Alison has synesthesia and everyone is very keen to label her as cray-cray, possibly because she flipped out and ranted and raved all over the place about murdering her school mate and nemesis, Tori by vaporisation. But all is not as it seems as Alison is shipped off to a teenage psychiatric unit and is forced to question her own sanity and if she can truly believe what she sees with her own eyes.
I can't give much else away about the plot of Ultraviolet without spoiling it completely as there's one helluva twist at the end. Let's just say this is not the book you think it is. I read a lot of YA, and pretty often they all seem to follow a very similar formula and it's easy to find yourself stuck in a real reading-rut. And then along comes a surprising, fresh and unique story like Ultraviolet and your hope and enthusiasm for the genre is restored!!

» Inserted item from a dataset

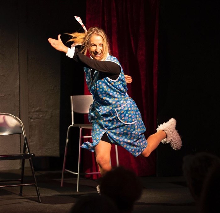 Un show joué et ponctué de parodies chantées par une comédienne délicieusement survoltée.
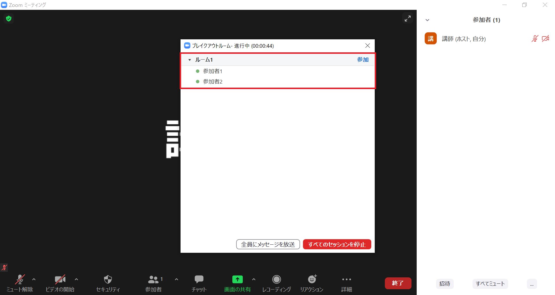 このまま2回目のブレイクアウトルームをスタートさせると、講師や主催者もそのままブレイクアウトルームに参加することに。

Yeah there's a romantic subplot, like most YA, involving the almost uncomfortably mysterious Sebastian Faraday but we're not walking the well worn path of sexist, preying-on-the-weak, I'm-a-girl-so-I-can't-live-without-a-man bullshit we've all come to know and dread here. Alison and Faraday's relationship is interesting and progressive. Allison feels that Faraday is the only one who understands her when he appears at the hospital in the name of Synesthesia Research one afternoon. Faraday is fascinated with the extent of Alison's ability which appears much more advanced and far reaching than most synesthetes. They grow to develop a mutual love and respect for each other. Until Faraday drops a massive bomb at the end of the story. I won't spoil it though. It's the best part!!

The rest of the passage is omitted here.